Awesome, that is a great help. The website that I am browsing specifies an 'ATX Version' - either 1.3, 2.0, 2.03 or 2.2. Do I need to know anything about this? I do not know which one I have (I suspect it will be the oldest/cheapest).

Thanks for the info about the 20+4 pin.


----------



## win2kpro (Jul 19, 2005)

ATX ver. 2.2 is the latest revision.

Here are the specs for ver. 2.2

http://www.formfactors.org/developer/specs/ATX12V_PSDG_2_2_public_br2.pdf


----------



## win2kpro (Jul 19, 2005)

If you like ThermalTake (which are excellent power supply's) here is one that should serve you well. Plenty of power, reasonable price, and any connector you should need. Also 3 year warranty.

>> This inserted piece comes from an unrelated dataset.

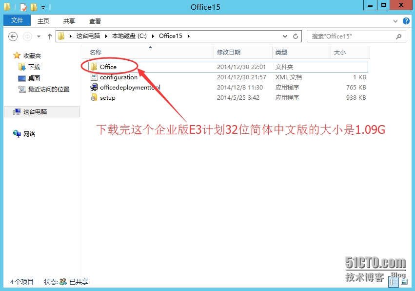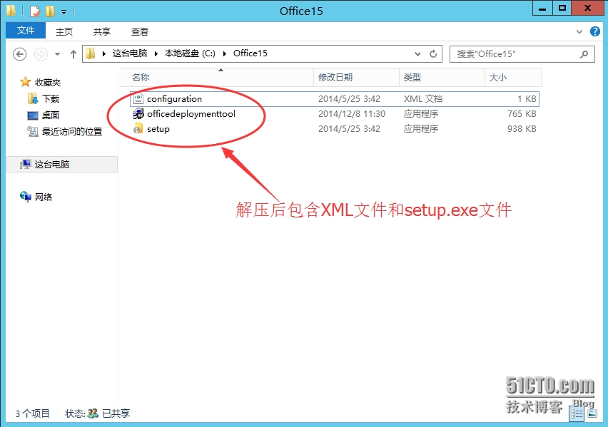 将下载的office部署工具解压到当前文件夹,如图

http://www.newegg.com/Product/Product.aspx?Item=N82E16817153033


----------



## pauljorgy (Apr 16, 2007)

Thanks for all the advice. I briefly read the ATX article from formfactors.org and understand the basic differences now.

Also, it is a reasonably cold morning here and my computer is running fine (with my friends PSU). The power button is working perfectly.

Now it is time to go shopping! I have found the PSU that you (win2kpro) have suggested at my online retailer here in NZ for $200NZ - which is on the high side of what I wanted to spend, however it should keep things future proof.

Thanks again, I am happy that this issue is resolved.

Well done to the team at TSG - keep up the good work.


----------